You can link directly to a section in the programming guide. Section 3.6 doesn’t seem to be relevant. Maybe you meant 3.2.3.6? You can link to that section! Make it easy for the rest of us.

The L2 cache persistence depends on a named/created stream.

You can’t do anything about it directly from kernel code. However the cache carveout will naturally evict things you are no longer accessing, as you replace them with things you are accessing. This is typical cache behavior. So allocate B and C using the same pointer. Then use this pointer in the example given in section 3.2.3.4 (notice how that link takes you directly to section 3.2.3.4)

1 Like

Yes! Thank you! I changed my link.

So for my question, I guess, after initially set B as persistant L2 cache, later when I access C, B will automatically be evicted…I see something in official guidance said: automatic evict is not reliable…Anyway, maybe I can not do anything here.
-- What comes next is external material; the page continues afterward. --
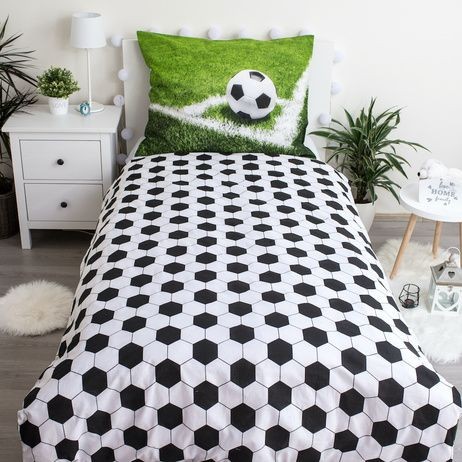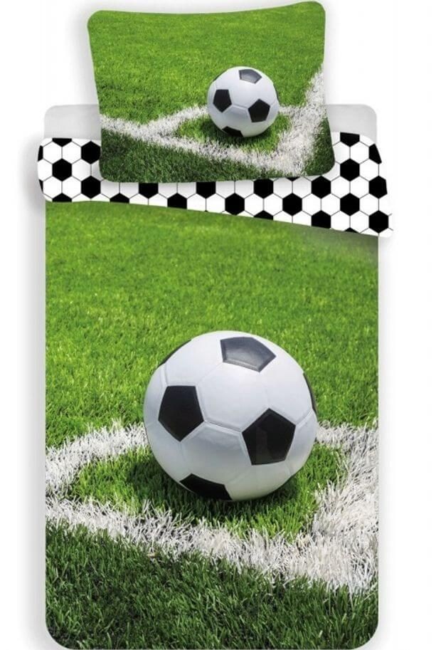 Zöld pamut ágynemű foci motívummal. A rögzítés cipzárral történik. A lapok kétoldalasak, 140 x 200 és 70 x 90 cm méretűek.

For another question, yes, I understand now, maybe just need to create a “stream”. NV company may be just want to use one grammar to cover both default stream case and multiple stream case.

Thank you!!!

wait, you said, allocate B and C using the same pointer…? Well, interesting idea!
But actually I am creating the data in pytorch. I get the B and C’s pointer, and then access the data…In your suggestion, seems you can create B, and do B’s calculation, and then create C exactly start from B’s pointer! Interesting! But I not sure whether can I use that magic!

Thank you!!!

Suppose my B matrix is 1024x1024. And suppose my C matrix is 1024x1024. Allocate both with the same pointer:

cudaMalloc(&d_BC, 1024*1024*2*sizeof(B[0]));

Then when you need to refer to B, just use d_BC

When you need to refer to C, use d_BC+(1024*1024). i.e. pointer arithmetic.
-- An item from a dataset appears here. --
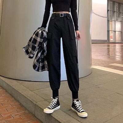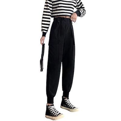 メガ割 ドローストリングワークパンツ レディースゆったり春秋2024新作万能薄手潮黒カジュアルスウェットパンツ

Now both the B and C data are referred to via single pointer.

I don’t know of any reason you cannot create a torch tensor of twice the size, and refer to a specific point in a torch tensor. But if you are asking questions about pytorch you are in the wrong place.

1 Like

Well, maybe we can set two data section in L2 cache as persistant? Is it necessary to allocate them continuous like your way? (Well, maybe you are right, we can only use one persistant memory location???)
Also, even your way, the first B will still take up L2 cache space…Chances are, when we are reading C, data B still take L2’s space and do not be evicted…

Thank you!!

Sure. Then you would have a carveout for B. and a separate carveout for C. And as we have already covered, there is no way to “dump” a carveout from kernel code. So you are stuck with the carveout for B, even when you don’t need it any more within your monolithic kernel.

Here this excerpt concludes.